GDP Update – Q4FY21

The GDP growth number for Q4FY21 was reported at 1.6% as compared to 0.5% in the preceding quarter. The GDP for FY21 was reported at -7.3%, largely reflecting the pandemic driven impact to the economy. The GVA number for Q4FY21 came in at 3.7% as compared to 1% in the preceding quarter. The yearly growth estimates as per the GVA calculation were reported at -6.2%. The quarterly growth rates have shown sequential improvement and have been better than street estimates. The yearly growth rate is reflective of the hit Indian economy took in the wake of the pandemic and the resultant lockdowns. The days of the negative growth may be behind us and the quarterly growth rates have returned to positive terrain, after the sharp contraction in economic activity witnessed during the first two quarters of FY21.

As has been the case for the last 8 quarters, agricultural activities reported robust growth and has been a key support to the headline GVA numbers. The growth for agriculture and allied activities was reported at 3.1% for Q4FY21. The industrial activity continued to improve in Q4FY21, the growth rate was reported at 7.9% in the latest quarter as compared to 2.9% in the preceding one. Within industry, the growth continued to remain in contraction zone for mining (-5.7%) as was the case even before the pandemic. The other components of industry viz, manufacturing (6.9%), electricity (9.1%) and construction (14.5%) reported healthy growth rates. The improvements in manufacturing and industry are already quite visible in the corporate performance reported in the last two sets of quarterly earnings results. On the other hand, services sector continued to witness suppressed activity levels in Q4FY21. The sub-components within the services sector reported divergent growth rates depending on the nature of services offered. While trade, hotel and transportation (-2.3%) continued to face the brunt of restricted and cautious people movement, the finance and real estate services (5.4%) did relatively better. Public administration, defence and other services, partly representative of government expenditure, reverted back to growth trajectory with growth rate reported at 2.3% as compared to -2.2% in the preceding quarter

All the sub-components on the expenditure witnessed an uptrend but the strength of the growth numbers was a mixed bag. The critical component of Private Consumption Expenditure reported a relatively weaker growth rate of 2.7%, an improvement though from the contraction seen over the last three quarters. Another crucial component, Gross Fixed Capital Formation has reported growth rate of 10.9% as compared to 2.6% in the preceding quarter. It is important to sustain this momentum in capital formation from the perspective of supporting a sustained upward trajectory of headline growth numbers. The government consumption expenditure too has picked up well and reported a growth rate of 28.3%, given the weakness in private consumption it is expected that government expenditure will continue to be supportive.
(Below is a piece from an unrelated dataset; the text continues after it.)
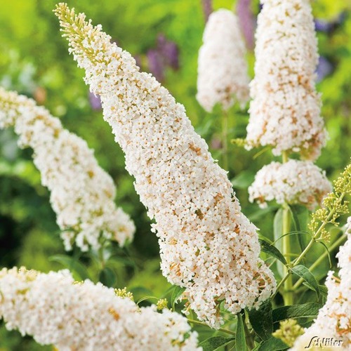 Квітки формуються на кінцях пагонів поточного року в прямостоячі великі, до 30-50 см довжиною, білосніжні суцвіття. Квіти виділяють приємний медовий аромат, що нагадує запах гіацинтів і привертають тим самим, комах-запилювачів і метеликів. Час цвітіння з липня по вересень.

The latest growth numbers are indicative of the strength gained by the economy during the last two quarters as the country was coming out of the pandemic induced lockdowns. Even as the GDP contracted by 24.4% in the first quarter of FY21, economy recovered fairly quickly as the severity of the first wave dissipated and also as it received effective support from both monetary and fiscal policy. We believe the growth trajectory for FY22 may remain similar to the one witnessed in FY21. The growth numbers may be closely linked to the spread of the pandemic and the success of the measures to contain it.
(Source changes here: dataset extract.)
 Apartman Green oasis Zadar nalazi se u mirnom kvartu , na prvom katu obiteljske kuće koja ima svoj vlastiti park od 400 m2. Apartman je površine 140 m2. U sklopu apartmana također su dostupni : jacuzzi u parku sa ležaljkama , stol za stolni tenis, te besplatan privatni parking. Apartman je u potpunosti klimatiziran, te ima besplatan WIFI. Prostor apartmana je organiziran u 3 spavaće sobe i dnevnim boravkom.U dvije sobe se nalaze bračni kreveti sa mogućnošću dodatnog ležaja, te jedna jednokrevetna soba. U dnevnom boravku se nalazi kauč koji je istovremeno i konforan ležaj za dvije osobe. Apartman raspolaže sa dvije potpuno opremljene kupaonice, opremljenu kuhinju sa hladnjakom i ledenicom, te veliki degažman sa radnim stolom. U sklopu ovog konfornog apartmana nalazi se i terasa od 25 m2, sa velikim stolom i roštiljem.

The incidence of the second wave of the pandemic led to similar measures as were implemented during the previous fiscal to control the spread. The private consumption demand may continue to get affected by the localised lockdowns and may witness only a gradual recovery. This time around as the manufacturing activity has been permitted to continue to operate, this segment would continue to be one of the key engines of growth. The second key supportive factor would be the government expenditure, both on the revenue as well as the capital side. The third and the most important factor would be the speed of the vaccination program. Over the recent past, supply related issues had impacted the pace of the vaccine drive, if the supply is ramped-up in time it would play an important role in a swift growth revival. Given the strength of the second wave, we believe the growth concerns are not completely behind, and the economy would continue to require monetary and fiscal support, at least over the next two quarters.